Your task:
Every line below should be copied exactly; drop the pictures.

Records contained in a dataset:
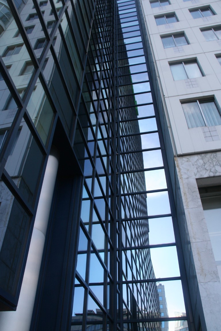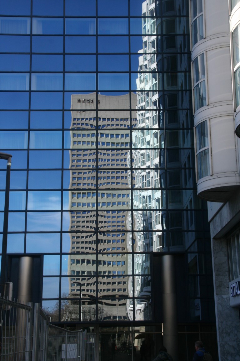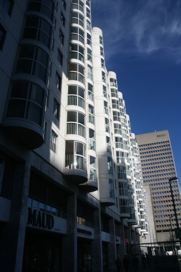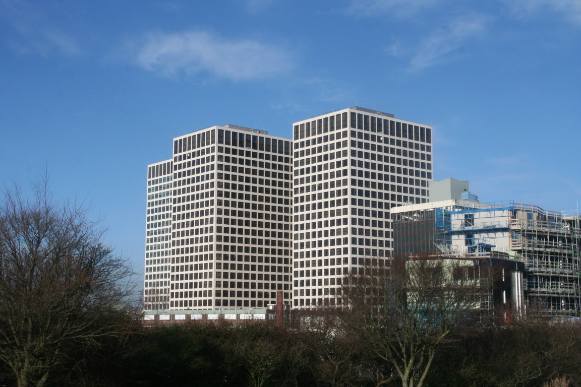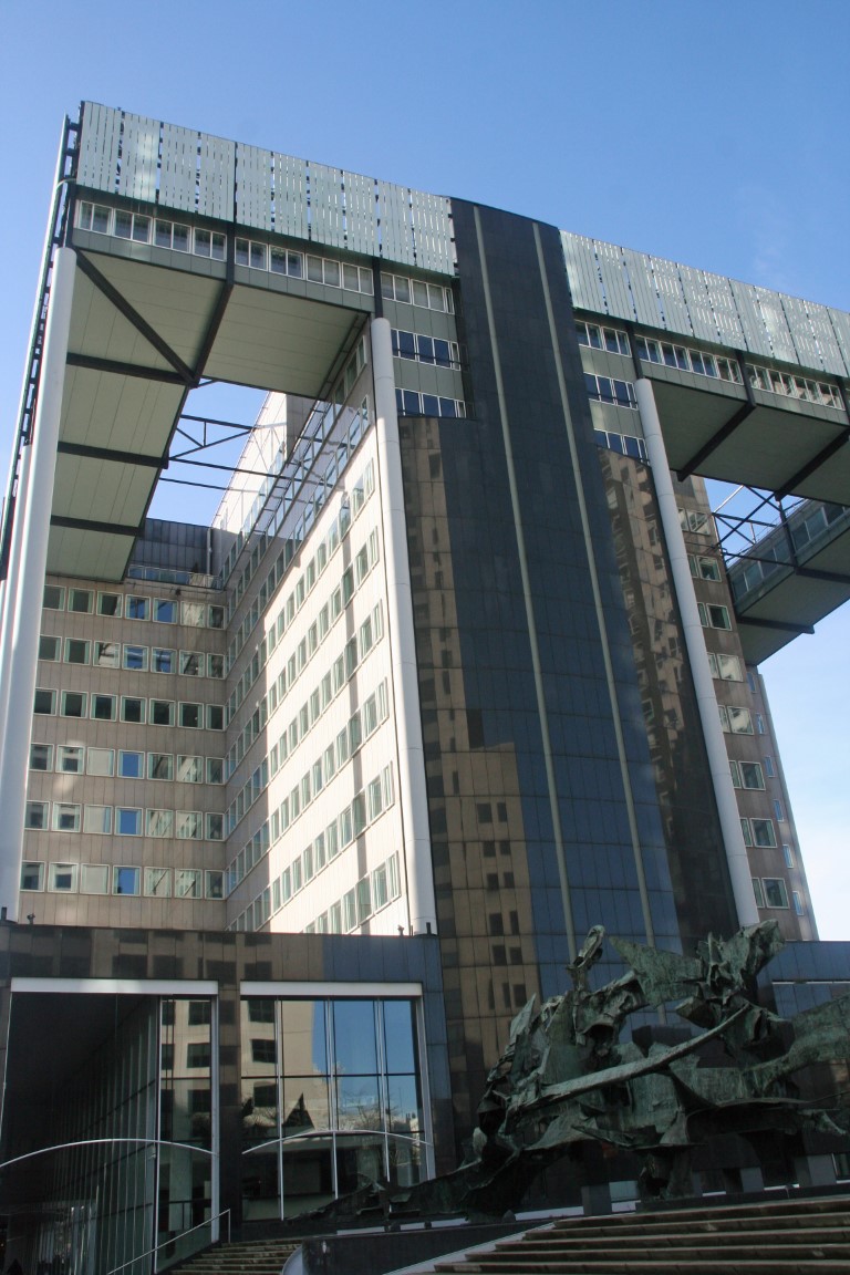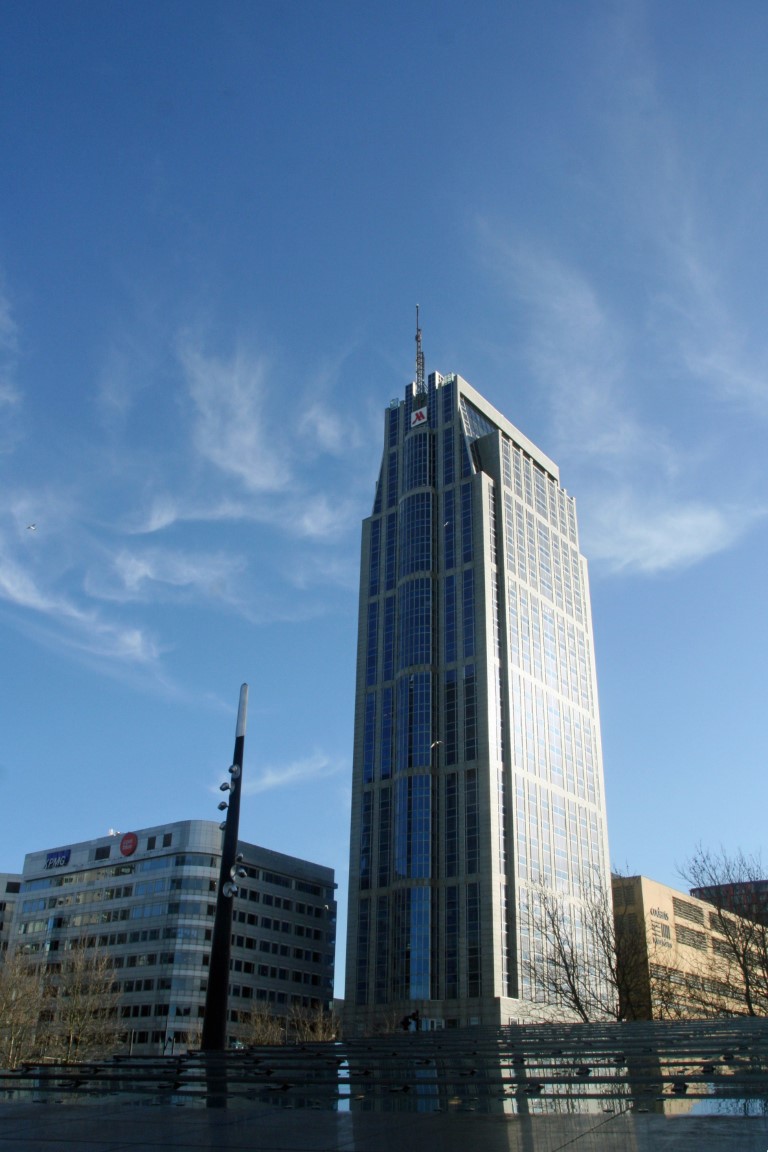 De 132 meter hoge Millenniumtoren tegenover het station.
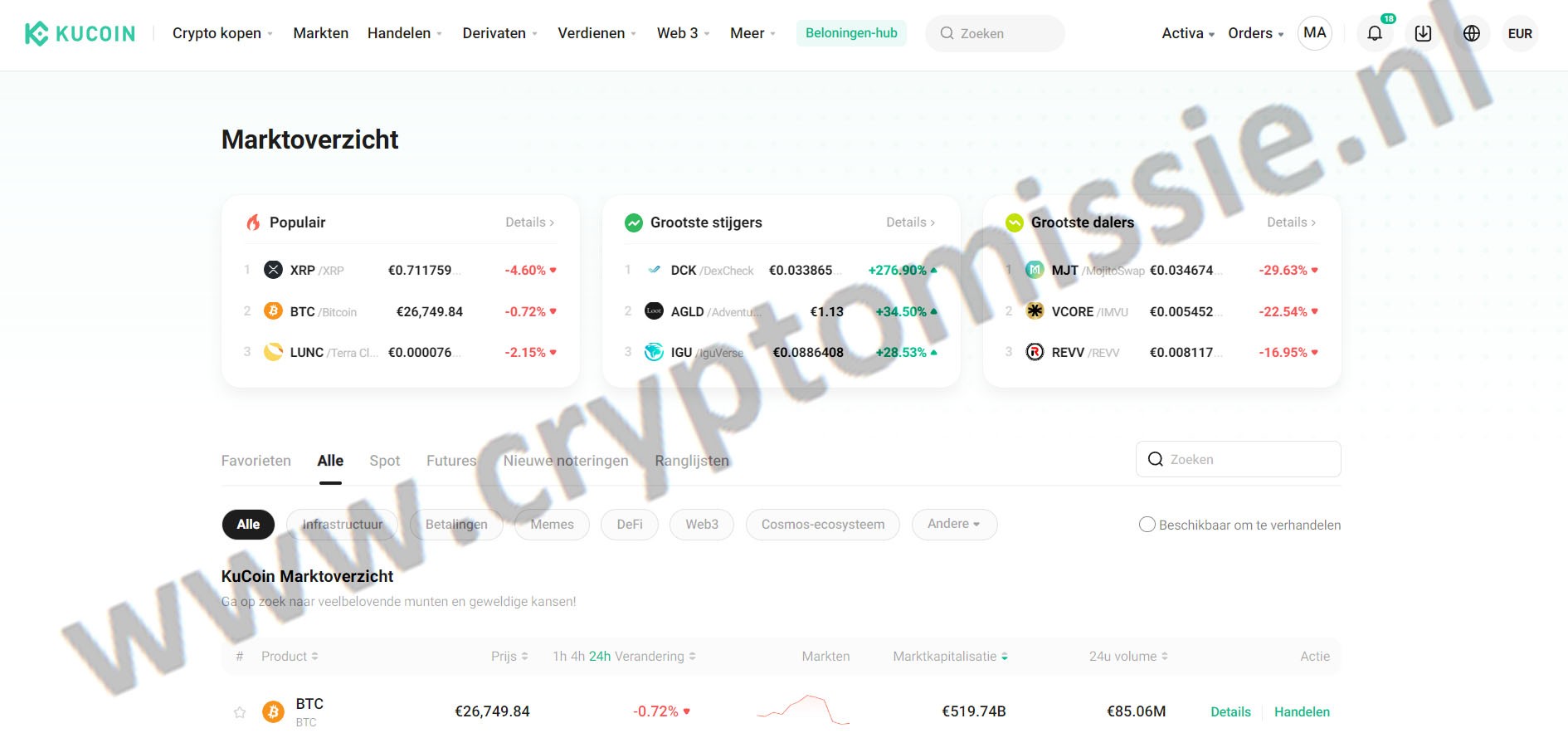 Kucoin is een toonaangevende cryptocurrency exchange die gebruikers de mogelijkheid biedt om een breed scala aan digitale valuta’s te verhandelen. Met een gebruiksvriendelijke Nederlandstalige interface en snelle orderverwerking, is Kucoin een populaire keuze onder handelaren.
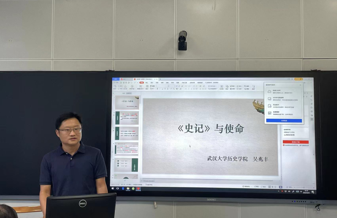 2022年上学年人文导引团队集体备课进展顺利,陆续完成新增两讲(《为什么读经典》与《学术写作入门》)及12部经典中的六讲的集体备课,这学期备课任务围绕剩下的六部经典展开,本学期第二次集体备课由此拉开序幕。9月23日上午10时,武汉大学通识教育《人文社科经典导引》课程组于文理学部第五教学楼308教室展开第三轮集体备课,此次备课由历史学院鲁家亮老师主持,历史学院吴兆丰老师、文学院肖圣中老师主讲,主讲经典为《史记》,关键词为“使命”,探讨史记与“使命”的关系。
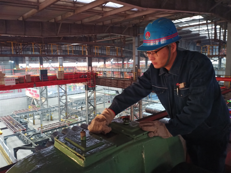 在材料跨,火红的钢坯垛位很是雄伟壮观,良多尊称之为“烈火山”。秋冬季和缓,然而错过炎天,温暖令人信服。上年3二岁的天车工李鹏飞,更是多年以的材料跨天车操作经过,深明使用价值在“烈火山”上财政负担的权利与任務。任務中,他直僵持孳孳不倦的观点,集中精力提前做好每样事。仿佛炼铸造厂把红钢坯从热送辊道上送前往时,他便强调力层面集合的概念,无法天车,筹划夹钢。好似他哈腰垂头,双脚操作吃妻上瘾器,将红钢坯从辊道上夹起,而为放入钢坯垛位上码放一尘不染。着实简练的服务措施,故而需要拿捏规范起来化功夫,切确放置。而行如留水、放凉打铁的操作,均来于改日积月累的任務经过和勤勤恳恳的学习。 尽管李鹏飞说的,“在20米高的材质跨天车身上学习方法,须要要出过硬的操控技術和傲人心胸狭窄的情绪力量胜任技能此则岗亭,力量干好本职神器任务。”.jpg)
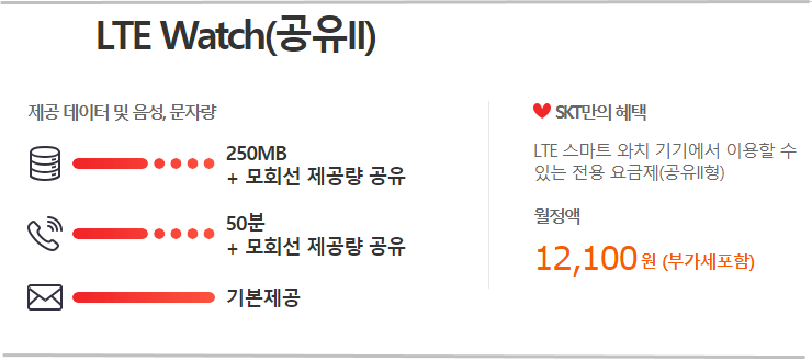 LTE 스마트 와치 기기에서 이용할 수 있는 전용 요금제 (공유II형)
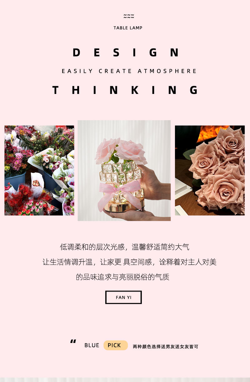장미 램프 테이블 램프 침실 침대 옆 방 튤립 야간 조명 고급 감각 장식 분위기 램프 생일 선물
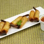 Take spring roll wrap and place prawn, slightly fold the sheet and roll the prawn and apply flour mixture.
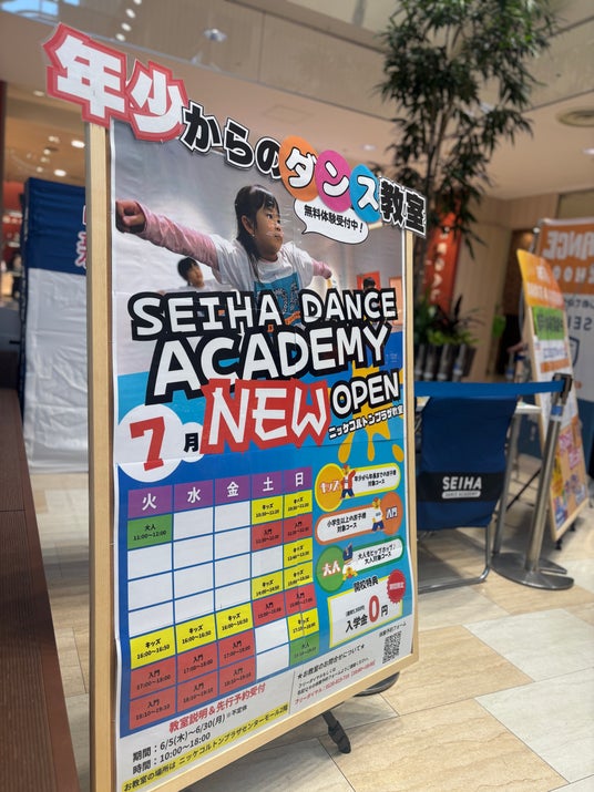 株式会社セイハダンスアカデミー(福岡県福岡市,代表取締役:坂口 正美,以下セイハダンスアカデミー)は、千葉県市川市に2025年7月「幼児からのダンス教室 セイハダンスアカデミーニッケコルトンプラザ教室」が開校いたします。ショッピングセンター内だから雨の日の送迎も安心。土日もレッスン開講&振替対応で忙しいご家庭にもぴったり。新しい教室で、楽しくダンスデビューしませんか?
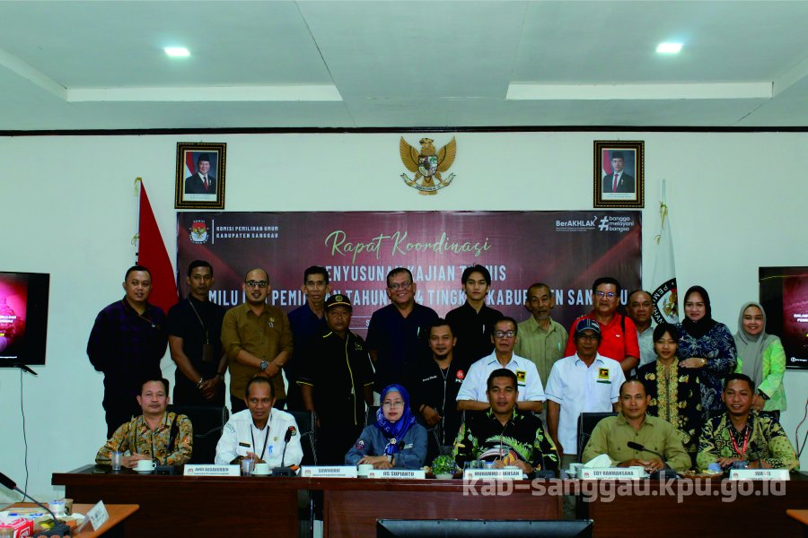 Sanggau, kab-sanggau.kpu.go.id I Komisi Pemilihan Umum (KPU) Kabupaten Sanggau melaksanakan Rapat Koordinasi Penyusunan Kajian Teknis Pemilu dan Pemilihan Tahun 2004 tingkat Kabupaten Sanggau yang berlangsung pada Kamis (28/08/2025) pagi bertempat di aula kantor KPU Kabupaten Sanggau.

Solution for this task:
 De 132 meter hoge Millenniumtoren tegenover het station.
 Kucoin is een toonaangevende cryptocurrency exchange die gebruikers de mogelijkheid biedt om een breed scala aan digitale valuta’s te verhandelen. Met een gebruiksvriendelijke Nederlandstalige interface en snelle orderverwerking, is Kucoin een populaire keuze onder handelaren.
 2022年上学年人文导引团队集体备课进展顺利,陆续完成新增两讲(《为什么读经典》与《学术写作入门》)及12部经典中的六讲的集体备课,这学期备课任务围绕剩下的六部经典展开,本学期第二次集体备课由此拉开序幕。9月23日上午10时,武汉大学通识教育《人文社科经典导引》课程组于文理学部第五教学楼308教室展开第三轮集体备课,此次备课由历史学院鲁家亮老师主持,历史学院吴兆丰老师、文学院肖圣中老师主讲,主讲经典为《史记》,关键词为“使命”,探讨史记与“使命”的关系。
 在材料跨,火红的钢坯垛位很是雄伟壮观,良多尊称之为“烈火山”。秋冬季和缓,然而错过炎天,温暖令人信服。上年3二岁的天车工李鹏飞,更是多年以的材料跨天车操作经过,深明使用价值在“烈火山”上财政负担的权利与任務。任務中,他直僵持孳孳不倦的观点,集中精力提前做好每样事。仿佛炼铸造厂把红钢坯从热送辊道上送前往时,他便强调力层面集合的概念,无法天车,筹划夹钢。好似他哈腰垂头,双脚操作吃妻上瘾器,将红钢坯从辊道上夹起,而为放入钢坯垛位上码放一尘不染。着实简练的服务措施,故而需要拿捏规范起来化功夫,切确放置。而行如留水、放凉打铁的操作,均来于改日积月累的任務经过和勤勤恳恳的学习。 尽管李鹏飞说的,“在20米高的材质跨天车身上学习方法,须要要出过硬的操控技術和傲人心胸狭窄的情绪力量胜任技能此则岗亭,力量干好本职神器任务。”.jpg)
 LTE 스마트 와치 기기에서 이용할 수 있는 전용 요금제 (공유II형)
장미 램프 테이블 램프 침실 침대 옆 방 튤립 야간 조명 고급 감각 장식 분위기 램프 생일 선물
 Take spring roll wrap and place prawn, slightly fold the sheet and roll the prawn and apply flour mixture.
 株式会社セイハダンスアカデミー(福岡県福岡市,代表取締役:坂口 正美,以下セイハダンスアカデミー)は、千葉県市川市に2025年7月「幼児からのダンス教室 セイハダンスアカデミーニッケコルトンプラザ教室」が開校いたします。ショッピングセンター内だから雨の日の送迎も安心。土日もレッスン開講&振替対応で忙しいご家庭にもぴったり。新しい教室で、楽しくダンスデビューしませんか?
 Sanggau, kab-sanggau.kpu.go.id I Komisi Pemilihan Umum (KPU) Kabupaten Sanggau melaksanakan Rapat Koordinasi Penyusunan Kajian Teknis Pemilu dan Pemilihan Tahun 2004 tingkat Kabupaten Sanggau yang berlangsung pada Kamis (28/08/2025) pagi bertempat di aula kantor KPU Kabupaten Sanggau.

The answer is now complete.